Local governments across the country, including some in Minnesota, have passed zoning ordinances to limit cul-de-sacs. In Oregon, which embraced "smart growth" land-use concepts decades ago to combat sprawl, 90 percent of the state's cities have ordinances limiting new cul-de-sacs.
Minnesota cities are more permissive, but some are also taking steps to limit new ones. City councils in St. Cloud and Northfield, for example, prefer to routinely deny new cul-de-sacs unless there is a physical necessity for them.
The problem with this quote is that it really soft-pedals the criticisms of the cul-de-sac. The Strib claims that “Smart Growth” advocates don’t like the dead end streets because it’s hard to plow them.
An oft-cited concern with cul-de-sacs is that they often result in overly congested connecting streets. All those cars from neighborhoods of dead-end streets have to go somewhere, critics say.
But traffic isn't the only concern. When Josh Tenney, a 27-year-old truck salesman, moved into his "sweet little" cul-de-sac in the northern suburb of Hugo two springs ago, he never once thought about winter.

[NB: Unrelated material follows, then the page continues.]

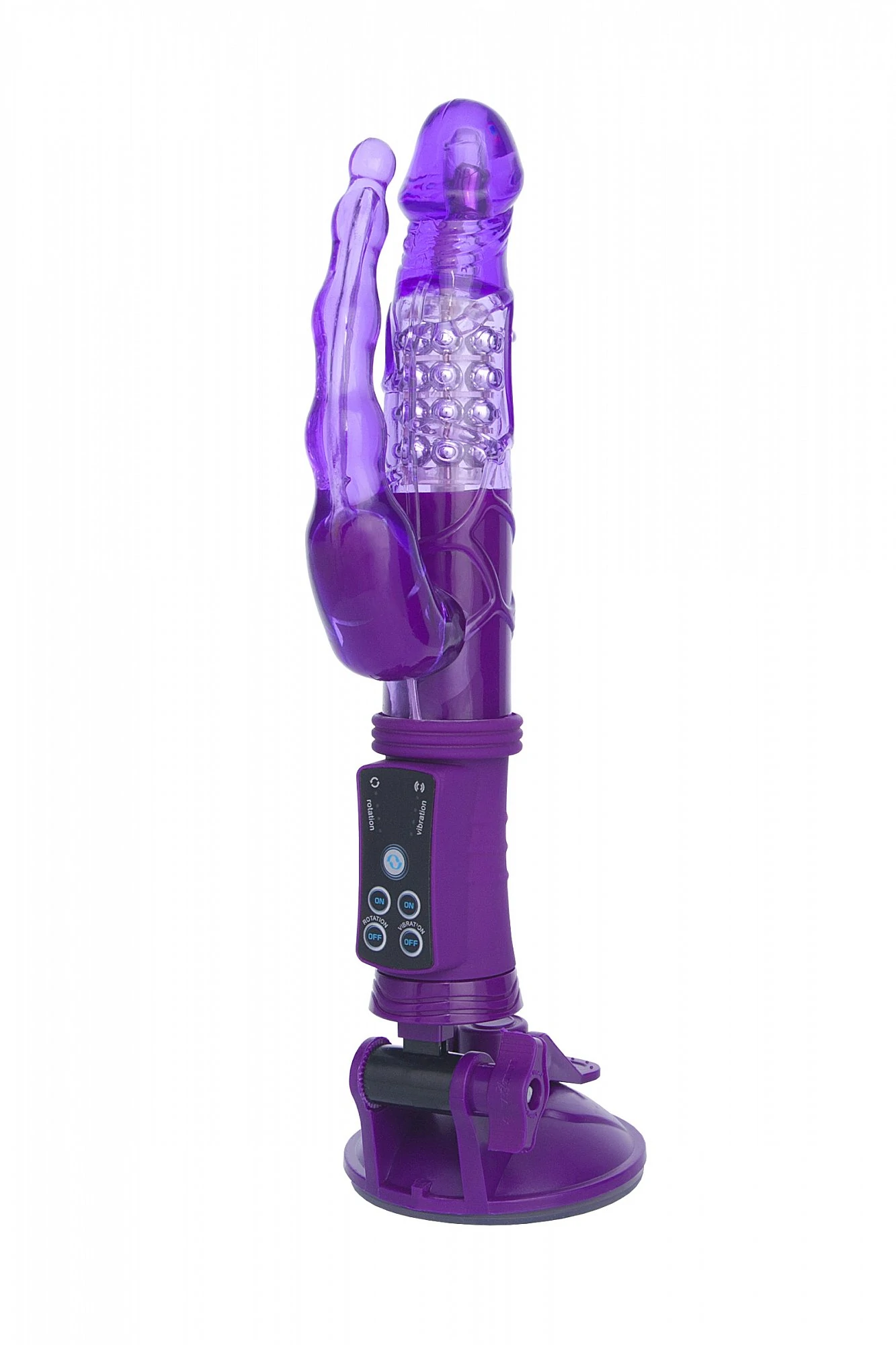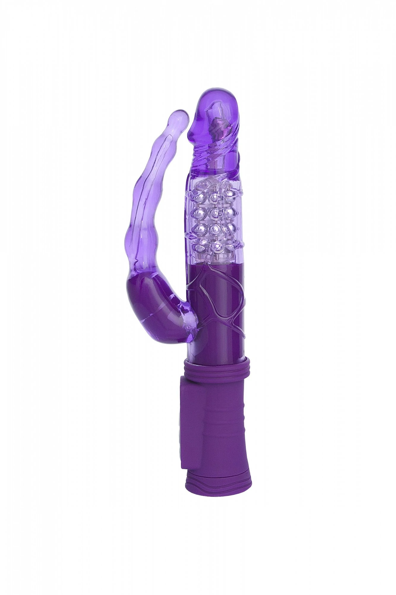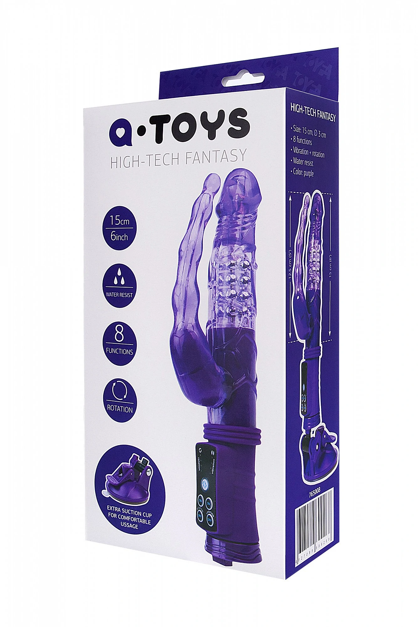 High-Tech fantasy - вибратор A-Toys с функцией вращения ствола и мощным анальным стимулятором. Имеет 8 режимов вибрации и ротации, скорость которых удобно управляется кнопками на рукояти игрушки. Интимная игрушка имеет специальный отросток в виде анальной елочки, что позволяет проводить одновременную стимуляцию вагины и ануса. Вибратор выполнен из высококачественного, легкого в эксплуатации, нетоксичного, гипоаллергенного, непористого материала TPR. Мощная присоска позволяет закрепить вибратор на любой вертикальной или горизонтальной гладкой поверхности. В стволе девайса размещено несколько рядов металлических шариков, которые многократно увеличивают возбуждающий эффект. Вибраторы A-Toys созданы для того, чтобы доставить незабываемое удовольствие! Для более комфортного использования рекомендуем приобрести смазку на водной основе и очищающий спрей Clear Toy 100 мл для обработки изделия.

"Where does all the snow go? Spread across all the yards," he said. "Where does the sand and salt go? Spread across the yards. Where do all the rocks, gravel, and winter trash go? You guessed it, spread across the yards."
While I appreciate the particularly Minnesotan cul de sac criticism, being hard to plow is just the tip of the snowdrift when it comes to culs-de-sac and their problems.
Here’s three big reasons:
- They’re a pedestrian wasteland. Culs-de-sac, and the sprawling, disordered, difficult to navigate neighborhoods that follow them, are too non-linear to easily have sidewalks. Even if they had them, it would be too difficult to walk anywhere, and the lack of any commercial streets mean there’s nowhere to walk anyway. For a country facing an oil-induced energy crisis, this is a problem.

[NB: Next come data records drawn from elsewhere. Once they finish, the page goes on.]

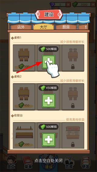 3、進入建設界面的大廳分類,消耗貨幣解鎖桌椅等設施,完善店鋪的大廳布局,提升接待顧客的基礎條件。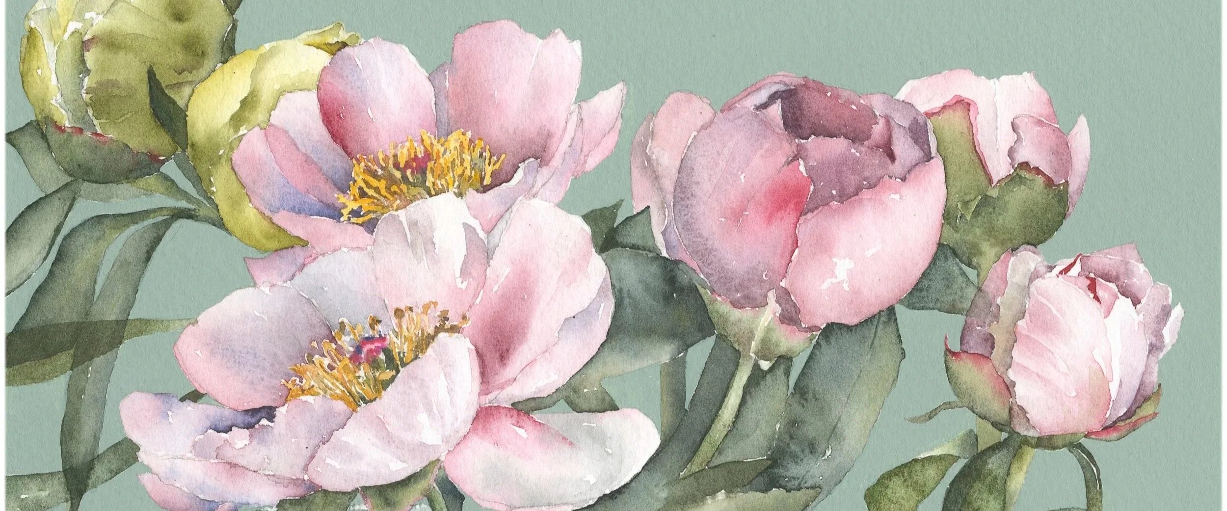 Pattern, colour and natural form are the main focus for my compositions. My inspiration for a painting usually begins with the flowers – their colour and shape along with their relationship to the fabrics and patterns. I love the contrast of natural form with geometric patterned fabrics and papers.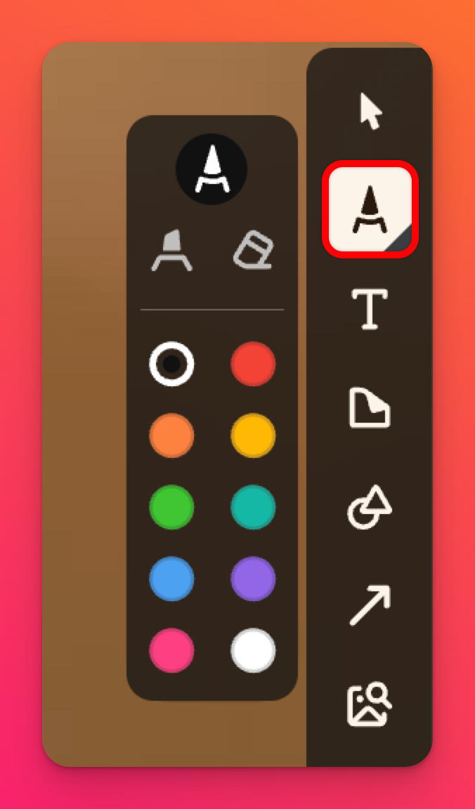 Pour ajouter un dessin à Padlet Sandbox, ouvrez le bac à sable et cliquez sur l'outil Dessiner. Choisissez entre les pointes stylo et surligneur et votre couleur préférée. Maintenant, van Gogh, montrez-nous vos talents !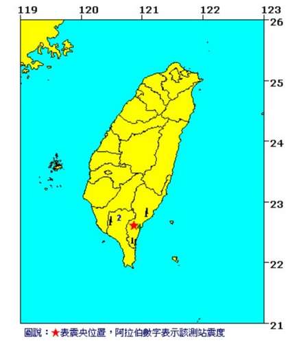 中國臺灣網3月20日消息 據臺灣媒體報道,臺東縣金峰鄉今天下午2時05分發生里氏3.9級地震,震源深度14.2公里。其中,最大震度4級,出現在臺東太麻里,此外,屏東縣三地門震度有2級,屏東市有1級。(中國臺灣網 李帥)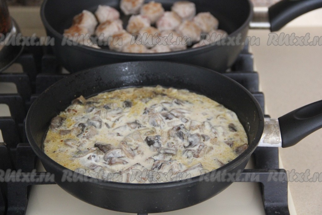 Залить тефтели сверху грибным соусом.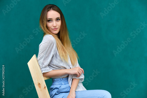 Picture a portrait of a beautiful girl woman with long dark flowing hair, fashionable, on a green background sitting on a wooden staircase. She sits in different poses and smiles.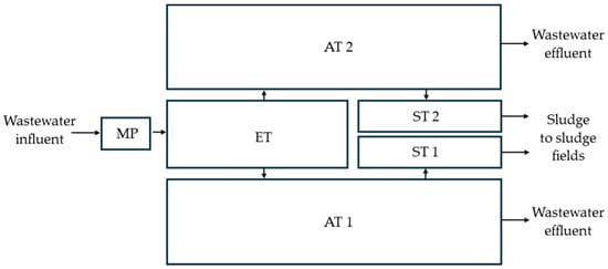 Scheme of reconstructed WWTP to AGS system. MP—mechanical pretreatment (fine screens and sand trap); ET—equalization tank; AT1, AT2—activation tanks (reactors AS-GranBio); ST1, ST2—tanks for excess sludge storage.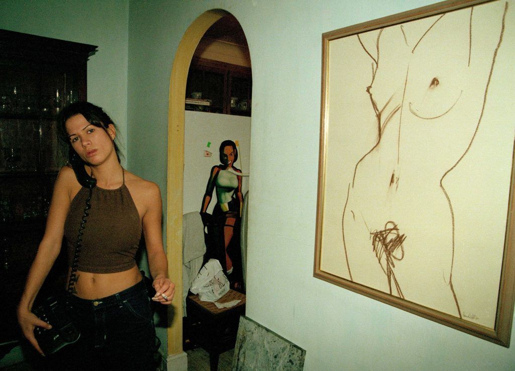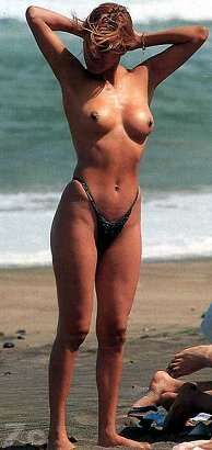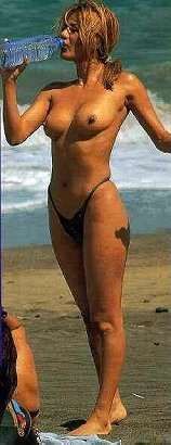 La fille torse nu qui boit de l'eau sur la plage est Ivone Reyes (photos 15-19)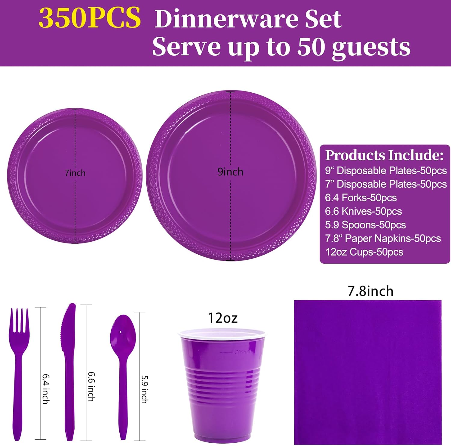 MirthMood 350Pcs Purple Party Supplies, Purple Plastic Dinnerware Set, Including Plates and Napkins, Plastic Cutlery and 12OZ Cups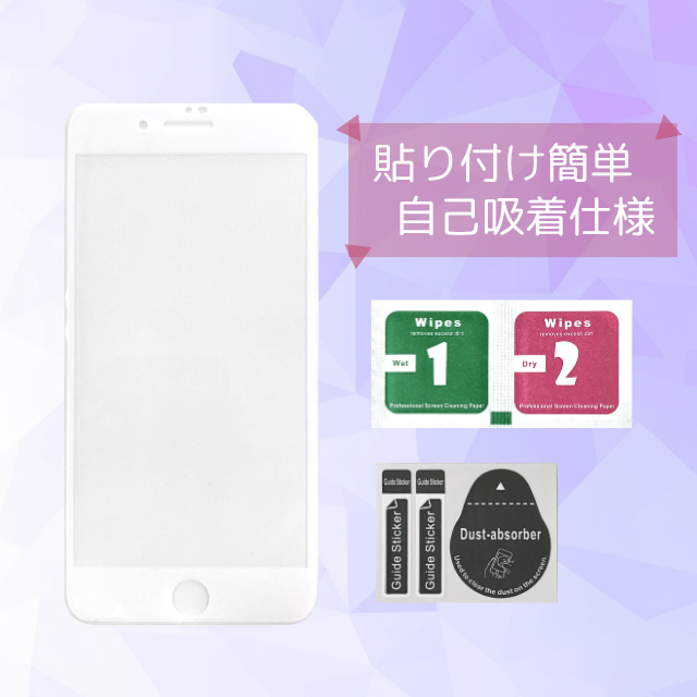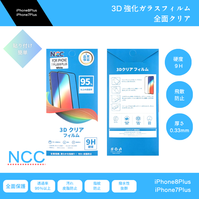 ガラスフィルム 3D全面クリア 保護フィルム NCC iPhone8Plus用 iPhone7Plus用 白 強化ガラス 硬度9H 飛散防止 自己吸着 全面保護 透過率 透明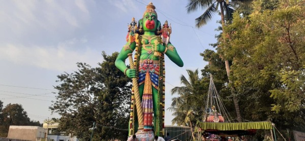 போளூரில் அனுமன் ஜெயந்தியையொட்டி முன்னிட்டு ஸ்ரீ ராமபக்த ஆஞ்சநேயர் ஆலயத்தில் 45 அடி உயரமுள்ள ஆஞ்சநேயர் சிலைக்கு கிரேன் மூலம் வடமலை,சாத்துக்கொடி மாலை, துளசி மாலைகள் அணிவிக்கப்பட்டது.

- They can increase traffic congestion. Because culs-de-sac aren’t through streets, they force all the cars onto one or two main drags. Increased traffic levels often mean congestion, and without any alternative routes, there’s nothing PO’d drivers can do about it.
- Culs-de-sac aren’t safer. At least one study has shown that the “quiet and child-friendly” cul-de-sac is statistically more dangerous. Parents, constantly forced to back out of their driveways, are very likely to back over one of their own (or their neighbor’s) children. In addition, the lack of regular traffic (or neighbor’s windows) on the street makes it more likely for a burglary to occur.
For a much better article on the cul de sac, see this NPR story.
1 comment:
Well, maybe. But subdivisions such as the one shown are designed by developers to maximize the number of lots and reduce costs. One way they do that is to minimize the amount of streets and intersections.
It might be true that a grid system offers more alternative routes, but it also offers more intersections, which are expensive, dangerous, and wasteful fo space. And it offer less space for housing, therby raising the prices. You have to pay for that increase in alternative routes.
In addition they increase the likeliehood of conflict between traffic flows, traffic lights, congestion, and pollution.
Grid systems used to be the norm, and we got rid of them for a reason.